Here we apply structural models, originally developed for twin studies, to assess the genetic and environmental components in main types of cancer. Family and cancer data were obtained from the nationwide Swedish Family-Cancer Database (the 1999 update) with more than 700,000 cancers and a population of 9.6 million, the largest dataset ever used for family studies. It offers unique possibilities for reliable modeling because all the data on family relationships and cancers were obtained from registered sources of practically complete coverage. Results on colon cancer, melanoma and lung cancer using an earlier version of the Database have been previously published.15
MATERIAL AND METHODS
The Swedish Family-Cancer Database includes persons born after 1934 (“offspring”) and their biological parents, totalling more than 9.6 million individuals.20 Cancers were retrieved from the nationwide Swedish Cancer Registry from years 1958–1996. In addition of invasive cancers, cervical in situ cancers were obtained. Of the invasive cancers, more than 600,000 were diagnosed among parents and 92,000 among offspring. The Database is otherwise practically complete but has a gap among those born from 1935–1940 who died before the end of follow-up. These individuals lack links to parents in the Database, thus probably causes a deficit of some 10,000 cancer cases. The effect is a somewhat inflated estimate for fatal cancers, particularly among siblings.

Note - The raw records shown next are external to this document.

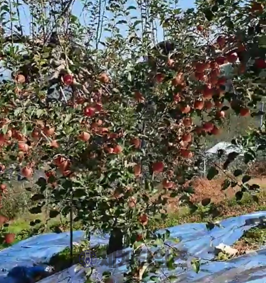 | ▲ 사과 나무 희 뿌연 녹색잎과 뻐얼건 사과는 언제 또 떨어질까? 국민들은 두렵다 맛도 없는 사과 먹는게 |
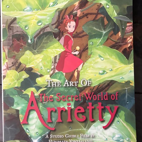 Illustrert oppslagsverk om Studio Ghiblis filmer og produksjoner, med tekst og bilder fra ulike animasjonsprosjekter. Inneholder informasjon om filmer, karakterer, temaer og produksjonsdetaljer, presentert i helsides oppslag med både tekst og fargeillustrasjoner.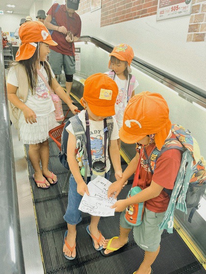 お泊まり保育前日。リュックを背負った子どもたちは、元気いっぱいに買い出しへ。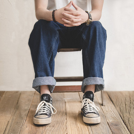 马登工装美式复古直筒深蓝色坠感
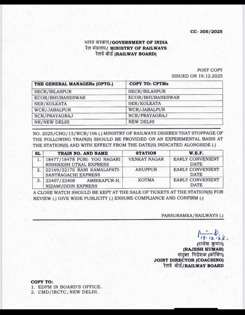 पत्र में उल्लेख किया गया है कि क्षेत्र की आम जनता एवं स्थानीय जनप्रतिनिधियों द्वारा लंबे समय से कुछ प्रमुख एक्सप्रेस ट्रेनों के ठहराव की मांग की जा रही है। इन्हीं जनभावनाओं को ध्यान में रखते हुए सांसद ने निम्नलिखित ट्रेनों के ठहराव का प्रस्ताव रखा है—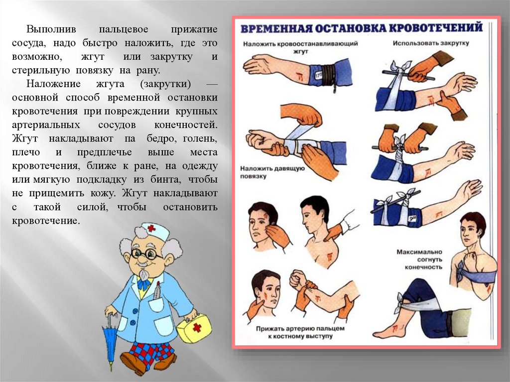 В зависимости от вида кровотечения (артериальное,венозное, капиллярное) осуществляется временная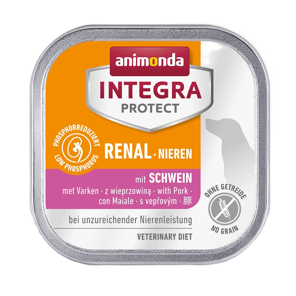 INTEGRA PROTECT Renal зі свининою – спеціальний дієтичний корм суперпреміум класу для собак із хронічною нирковою недостатністю. Цей дієтичний раціон розроблено відповідно до особливих харчових потреб собак із захворюваннями нирок. Він містить менше фосфору, ніж звичайні корми. Це уповільнює прогресування захворювання.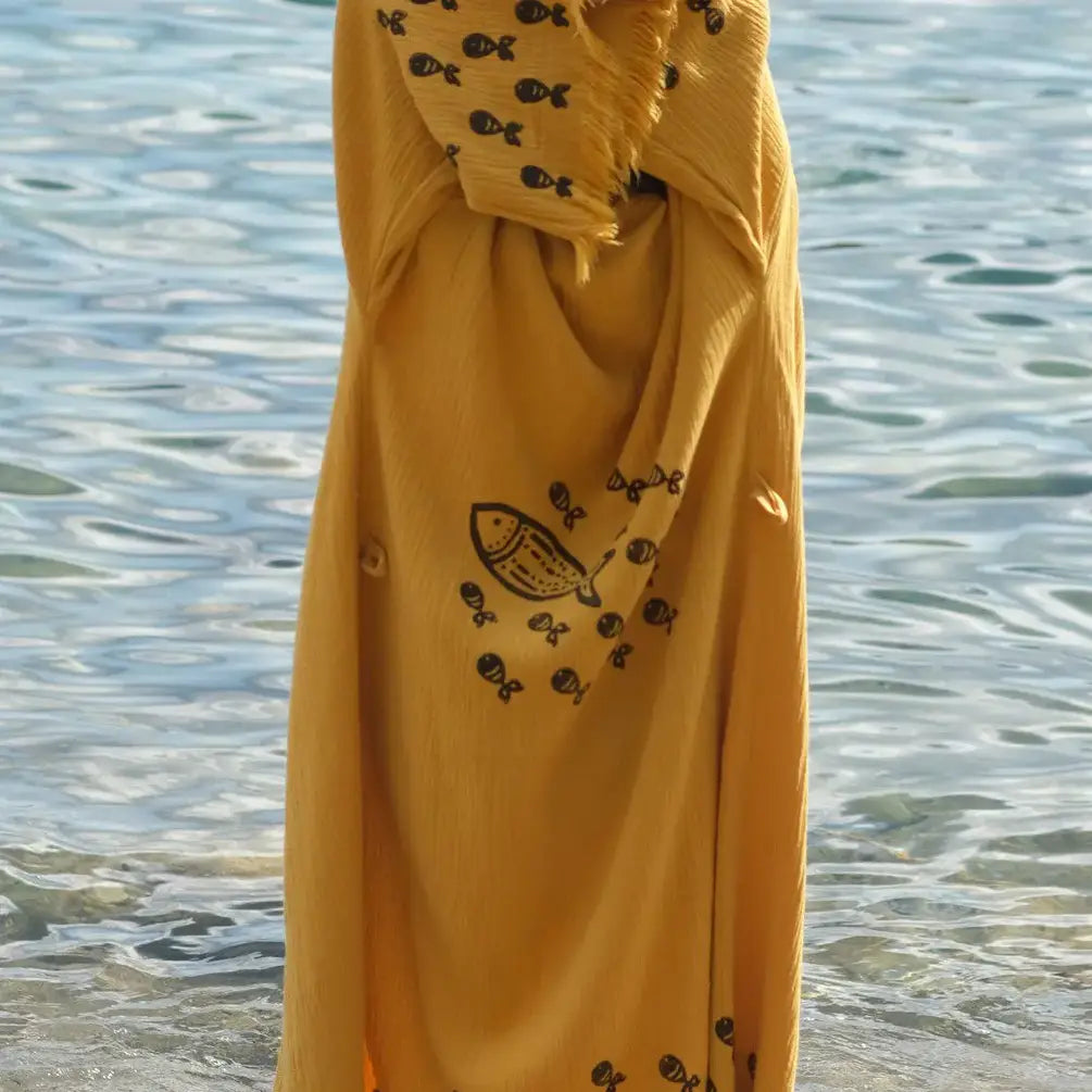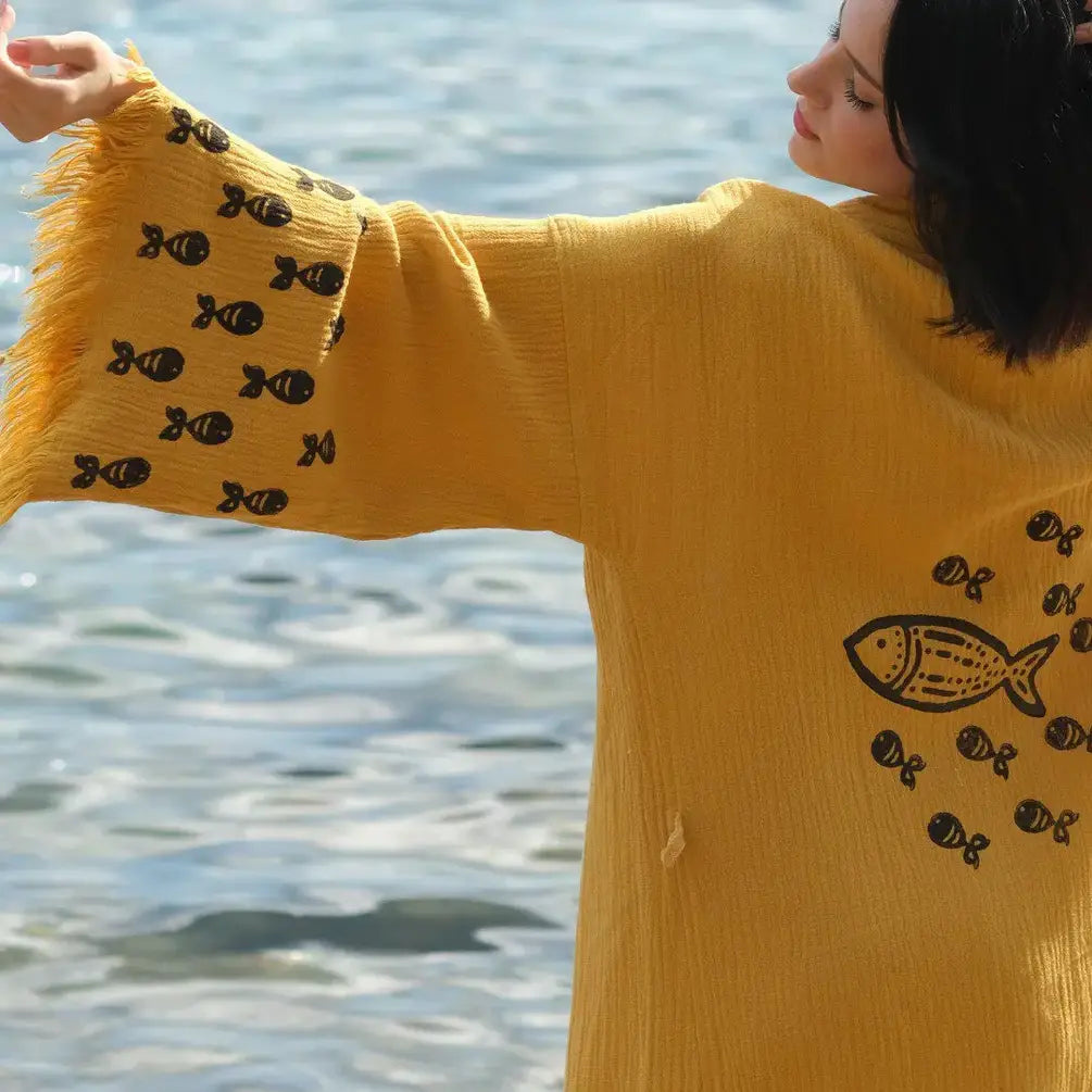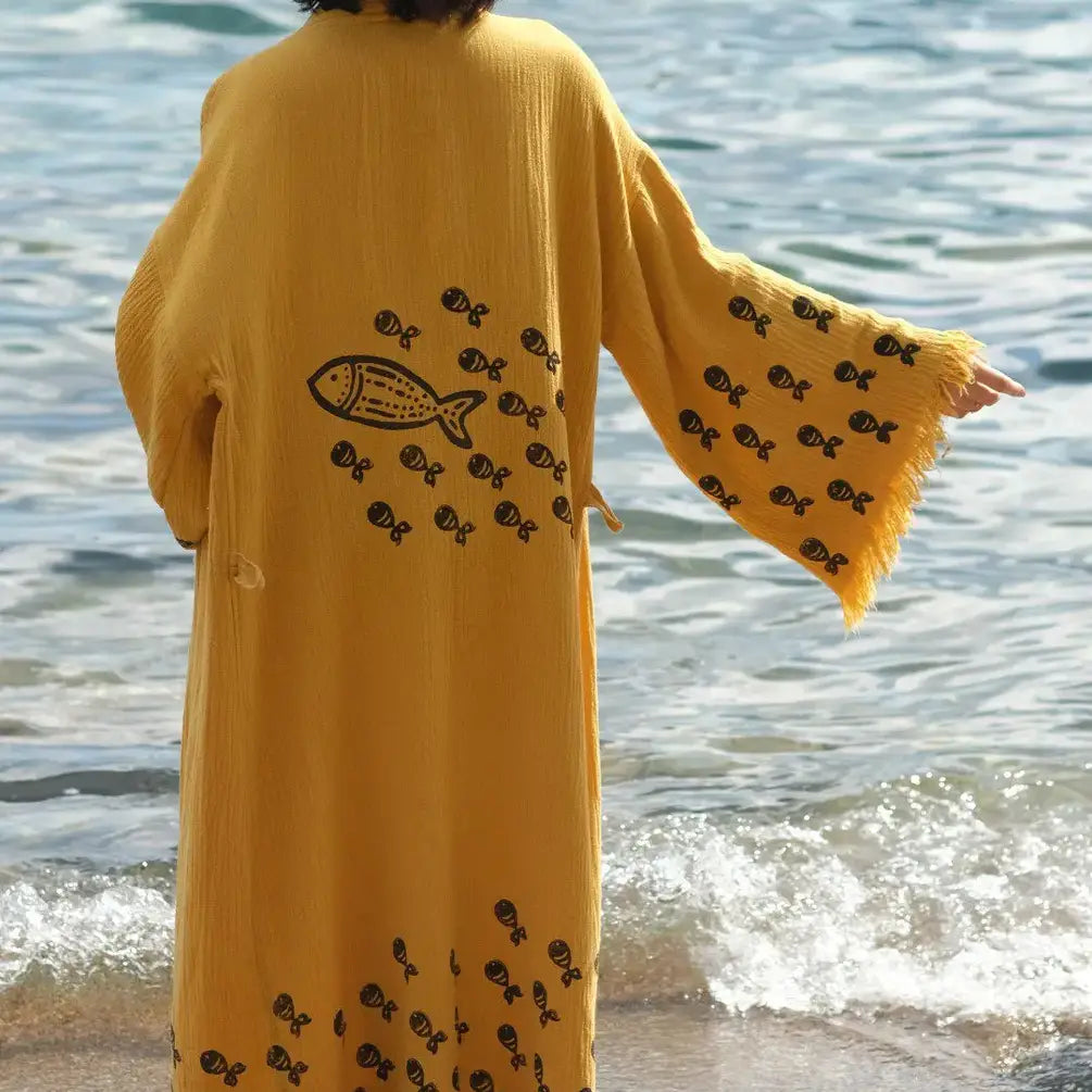 These robes/kimonos are handcrafted in Turkey. The design on them is made with wood blocks by using plant-based dye. All the small details on the designs are handprinted one by one.

Offspring were diagnosed for their first primary cancer in years 1958–1996 at ages 0–61 years. A 4-digit diagnostic code according to the 7th revision of the International Classification of Diseases (ICD-7) was used for cancer-type identification. The following ICD-7 codes were pooled: 162 and 163 (“lung”), 204–207 (“leukemia”), 208 and 209 (polycytemia vera and myelofibrosis, respectively). Rectal cancer, ICD-7 code 154, was mucosal rectum (154.0). Primary sites that were included in the category of endocrine glands are those at adrenal, parathyroid and pituitary glands.
Family pairs (parent-child [both biological and adoptive], sib-sib and spouse-spouse) were characterised for each specific cancer: either no cancer, one with cancer or both with cancer. Each individual is entered more than once into the analysis, e.g., a parent appears in the spouse comparison once and in the parent-offspring comparison as many times as he or she has children. Each individual may thus contribute cancers to as many pairs as he or she is a part of. A sibship that contains 1 affected and 1 unaffected sib counts as a discordant pair; a sibship with 2 affected sibs results in 1 concordant pair; a sibship with 3 affected individuals (sib A, sib B and sib C) counts as 3 concordant pairs (AB, AC and BC); a sibship with 2 affected and 1 unaffected individual is counted as 1 concordant and 2 discordant pairs and so on.

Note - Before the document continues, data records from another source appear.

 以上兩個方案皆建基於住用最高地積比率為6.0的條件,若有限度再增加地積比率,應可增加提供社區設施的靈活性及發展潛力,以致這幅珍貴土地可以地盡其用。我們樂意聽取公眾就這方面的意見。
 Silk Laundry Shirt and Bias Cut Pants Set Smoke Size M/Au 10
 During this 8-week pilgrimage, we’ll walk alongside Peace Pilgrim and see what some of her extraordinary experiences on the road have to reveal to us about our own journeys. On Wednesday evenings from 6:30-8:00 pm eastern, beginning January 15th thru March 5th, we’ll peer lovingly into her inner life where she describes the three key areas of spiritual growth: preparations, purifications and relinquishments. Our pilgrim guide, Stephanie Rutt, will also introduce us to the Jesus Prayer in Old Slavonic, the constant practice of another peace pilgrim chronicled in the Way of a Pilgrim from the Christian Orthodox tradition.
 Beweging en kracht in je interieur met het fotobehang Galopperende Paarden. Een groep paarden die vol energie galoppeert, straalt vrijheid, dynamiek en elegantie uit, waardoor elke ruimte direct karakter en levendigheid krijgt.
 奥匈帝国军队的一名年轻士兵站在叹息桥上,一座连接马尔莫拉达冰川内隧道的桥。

In the case of cervical cancer, melanoma and lung cancer, we performed the additional analyses separately for 2 distinct birth-cohort groups. The birth-cohorts are divided into (i) both sibs born 1941–1950 and the offspring in the parent-offspring relations born 1941–1950; (ii) both sibs born 1951–1970 and the offspring in the parent-offspring relations born 1951–1970. In the case of cervix in situ, due to earlier age of onset cohorts were 1941–1955 and 1956–1975, respectively. The restriction applied that both sibs had to be in the same birth-cohort to be incorporated into the calculation led to a reduction of eligible sibpairs.

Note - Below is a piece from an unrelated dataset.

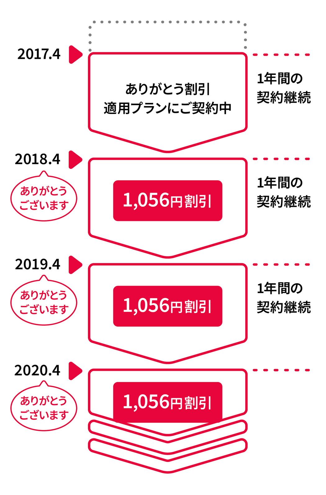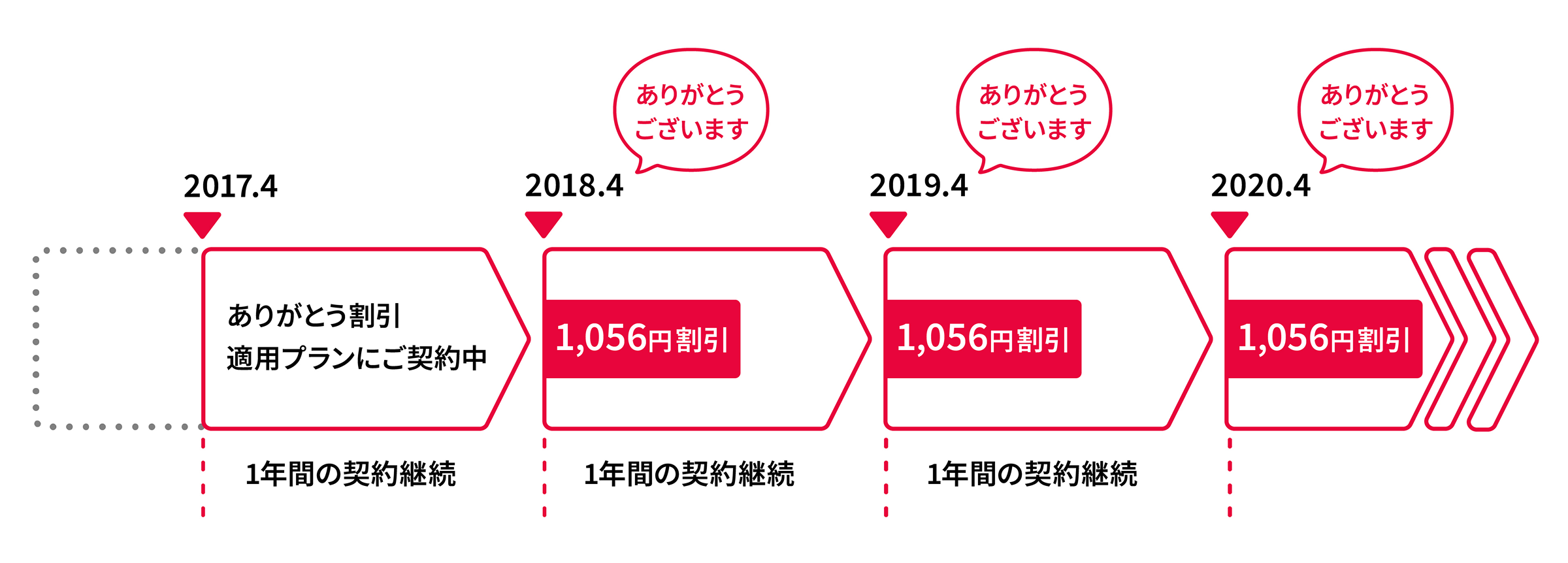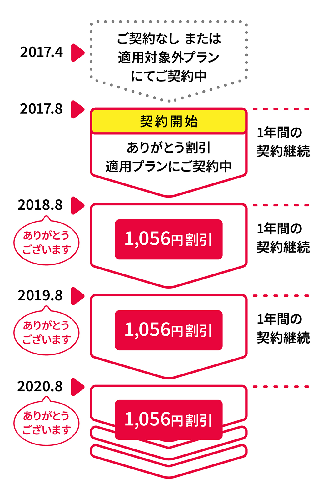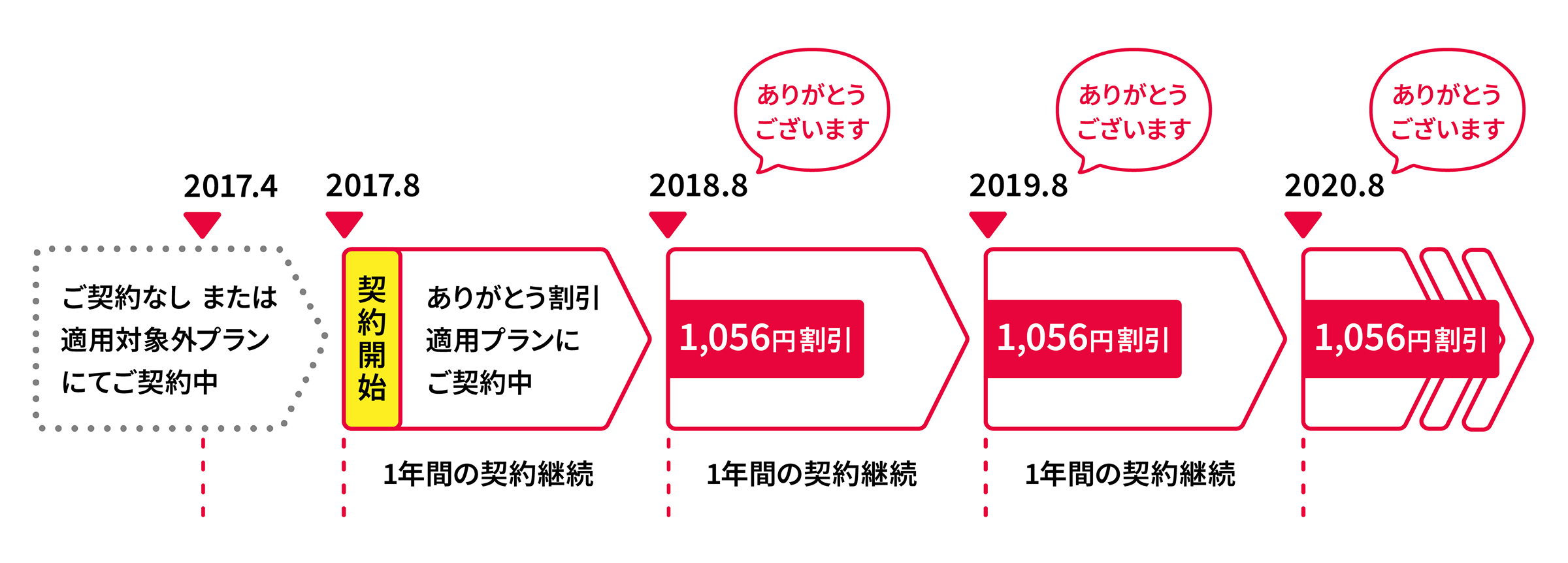 - 2017年4月以降に、「ありがとう割引適用プラン」にご加入された場合のご契約継続起算日は、そのご加入日といたします。

For statistical analysis, cancer types were selected for which sufficient numbers of concordant pairs in the offspring generation were observed, thus excluding some common cancers such as prostate and nonmelanoma of the skin. In the model-fitting analysis, we treated cancer as a binary trait with the assumption of an underlying normal distribution of liability, with additive contribution of multiple factors. This liability is the sum of genetic and environmental effects and the liability distribution has a threshold value that discriminates between cancer and not cancer.21 The thresholds are estimated from the prevalence of disease in each type of relative separately. Thus, an individual affected by a specific cancer would exceed the (unmeasured) threshold value of the liability distribution for that type of relative (e.g., father or daughter).
The importance of genetic effects (G) is indicated by higher correlation among relatives that are more closely related to each other genetically. Shared environmental effects (S) result in a familial resemblance among family members that are not genetically related to each other. Childhood environmental effects (F) form a part of shared environment and result in greater environmental resemblance among siblings than among parent-children. Finally, nonshared environmental effects (E) are evidenced by within-pair differences.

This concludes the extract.